EDIT: also I just re-read your bcl2fastq: for mcSCRB-seq, if you have --minimum-trimmed-read-length 14
that means some of your barcode reads may miss 2 bases of the UMI! can you set that to 16 and try?
Thanks aging, I will rerun the analysis for the files that didn't work and update you. Best, HM
Hi Christoph, I did what you suggested and I do get dgecounts.rds files for most of my libraries. I have two pools of 6 samples each, and for them, I am getting the following message: 'TERM_RUNLIMIT: job killed after reaching LSF run time limit.' What would you suggest for me to do?
Thanks again for your help, HM
Hey,
We are getting closer to the cause here, seems like zUMIs is not breaking but getting killed from your load management system.

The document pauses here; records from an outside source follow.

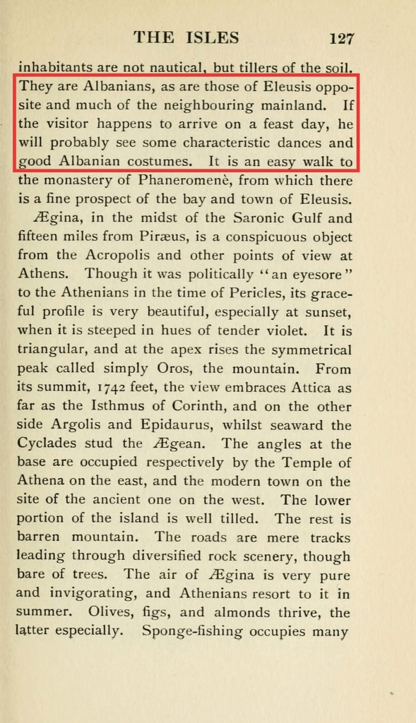 He further notes that Athens itself, despite its symbolic role as the heart of Hellenism, was surrounded by countryside “peopled by Albanians,” making the capital the best place in Greece to observe traditional costume precisely because of this Albanian hinterland.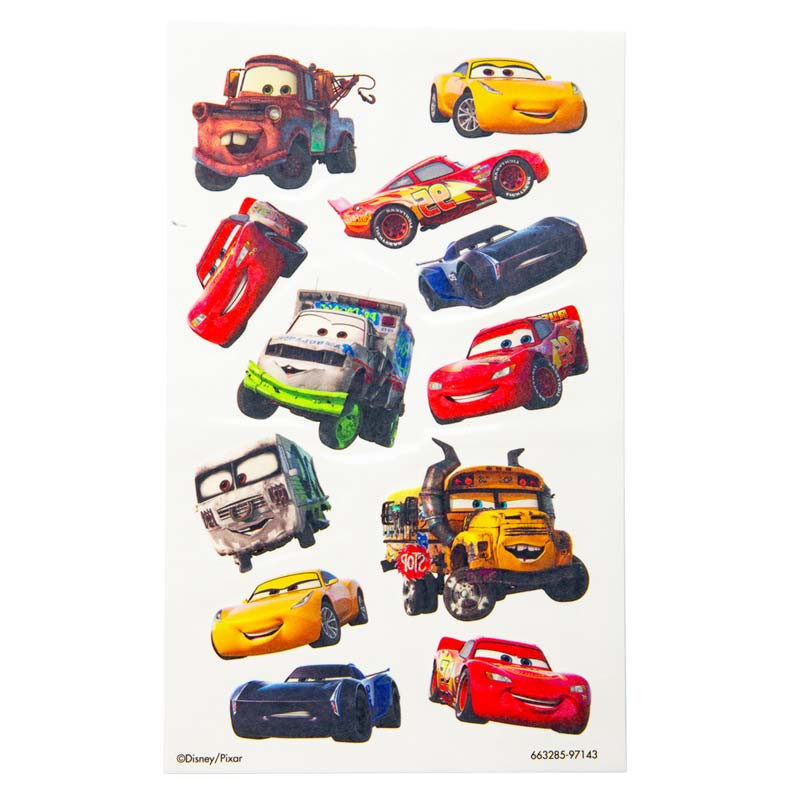 Dessa tatueringar med motiv från filmen Cars är perfekta att använda som små gåvor eller i godispåsen på barnkalaset. Ett ark innehåller 12 olika bilar, vilket ger rikligt med valmöjligheter för barnen att välja mellan. Varje tatuering är temporär och har en storlek på cirka 3-4 cm, vilket gör dem idealiska för barns små armar eller ansikten.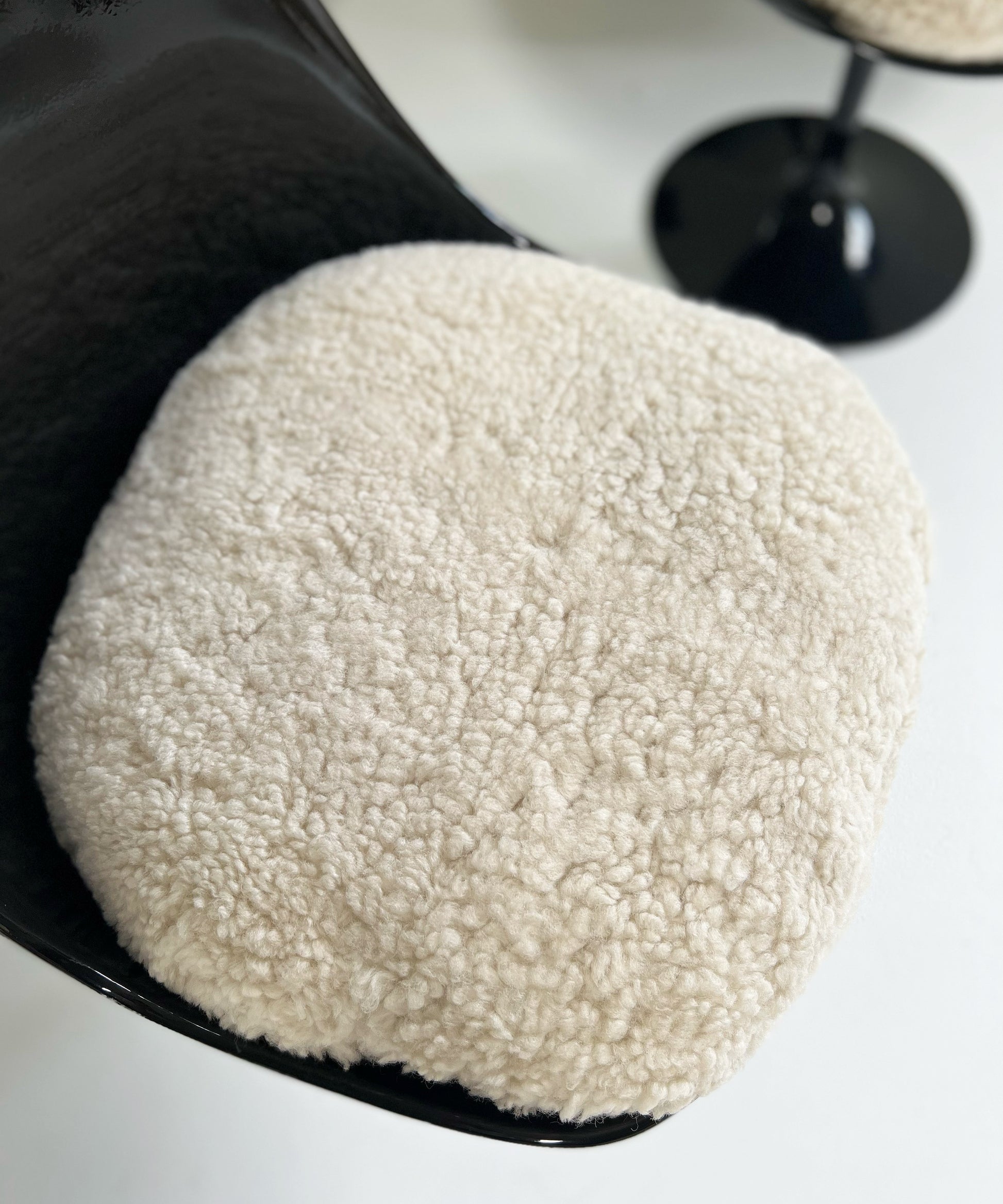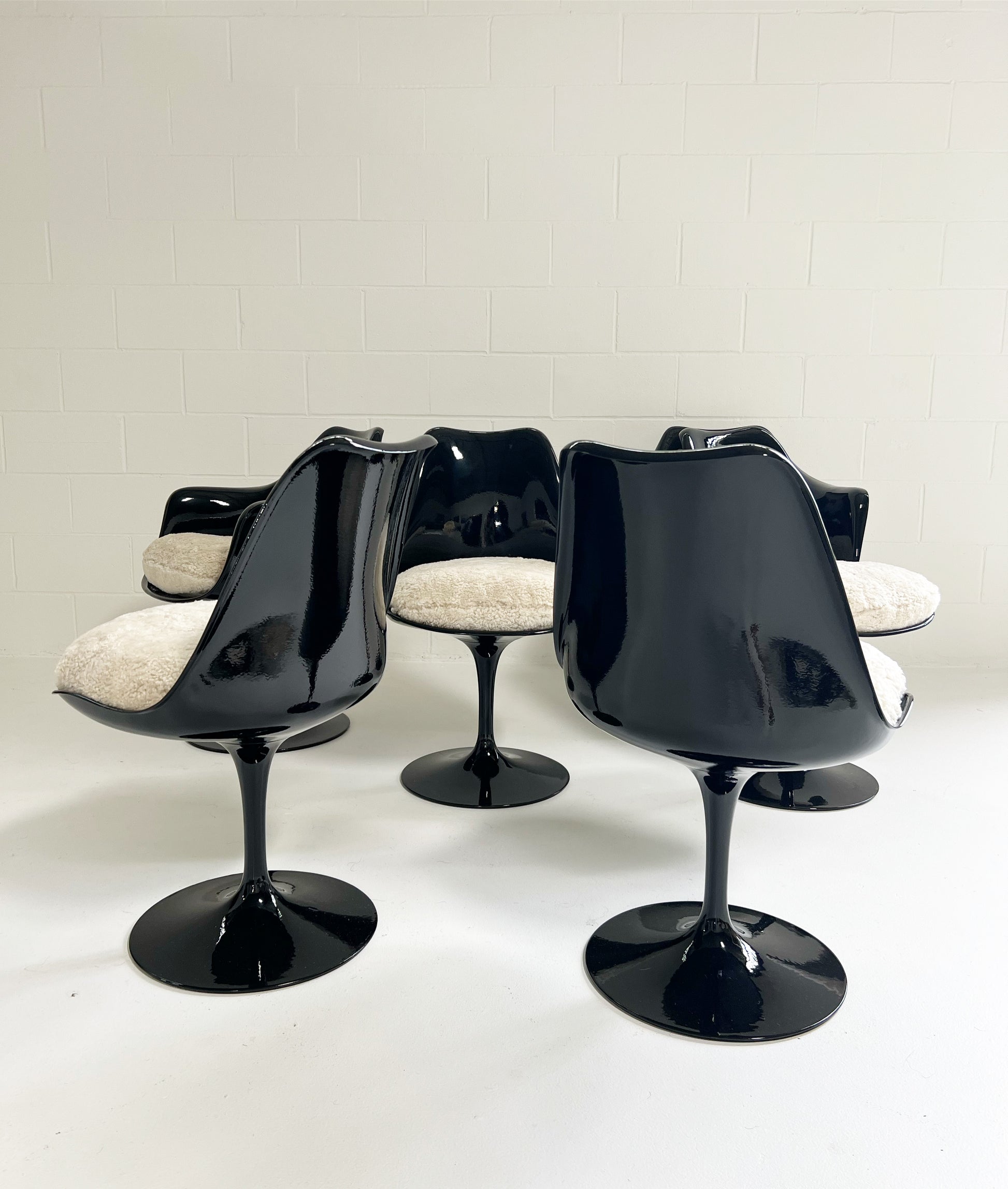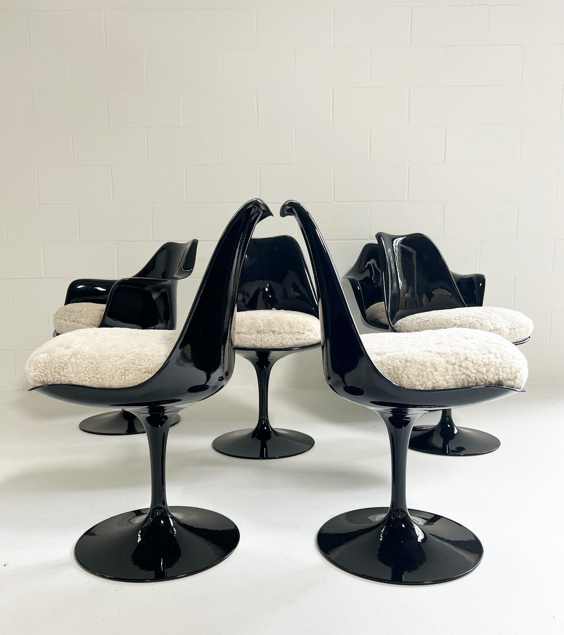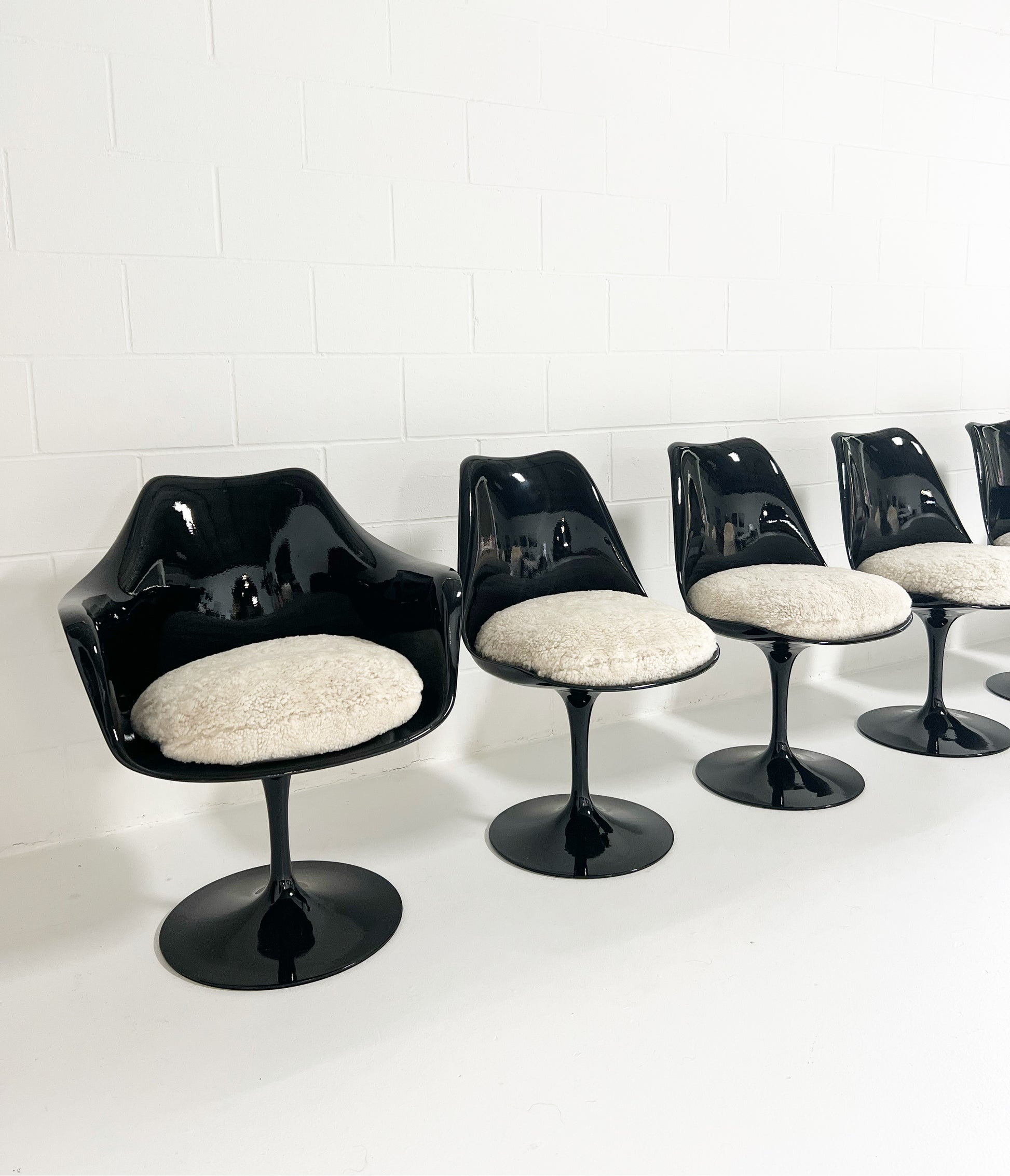 It took Saarinen five years to arrive at this exact design. The iconic Tulip chairs were envisioned to create peaceful interiors in which the legs of the furnishings did not obstruct viewing lines. We collected this vintage set of 6 Tulip Chairs and decided the yellowing, aged fiberglass needed a big update, so each chair received a coat of fresh, glossy black paint. They are in excellent condition. We custom-made the luxurious feather-filled cushions for each chair from beautiful and cozy sheepskins in a moonlight color. These are so cool and so extremely comfortable. Set consists of 4 chairs and 2 armchairs. Also, the original Knoll labels were re-attached to the chairs.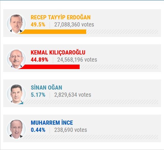 در این رقابت آرای اردوغان تا بدین لحظه که ۹۹.۸۷ درصد از صندوقها شمارش شده است، ۴۹.۵ درصد یا به عبارتی ۲۷ میلیون و ۸۸ هزار و ۳۶۰ رای اعلام شده است.

I am not familiar with the exact job scheduling you are using on your cluster, but a quick google tells me that you probably need to increase a higher Job time when submitting your job (bsub -W
): https://www.ibm.com/support/knowledgecenter/en/SSETD4_9.1.3/lsf_command_ref/bsub.__w.1.html
The runtime for zUMIs depends linearly on the number of reads in the data, so I would recommend to scale that!
Last suggestion a bit unrelated: It seems to me like you are using bcl2fastq to demultiplex (sub-)libraries pooled by an Illumina index and run zUMIs for each of them. You can also get fastq files without that and use the index read as an additional barcode read in zUMIs. That way you only need to run zUMIs once, it should be much faster! Let me know if you want more details on this.
Best, Christoph
Hey, You are correct, I do have a high number of reads for my samples.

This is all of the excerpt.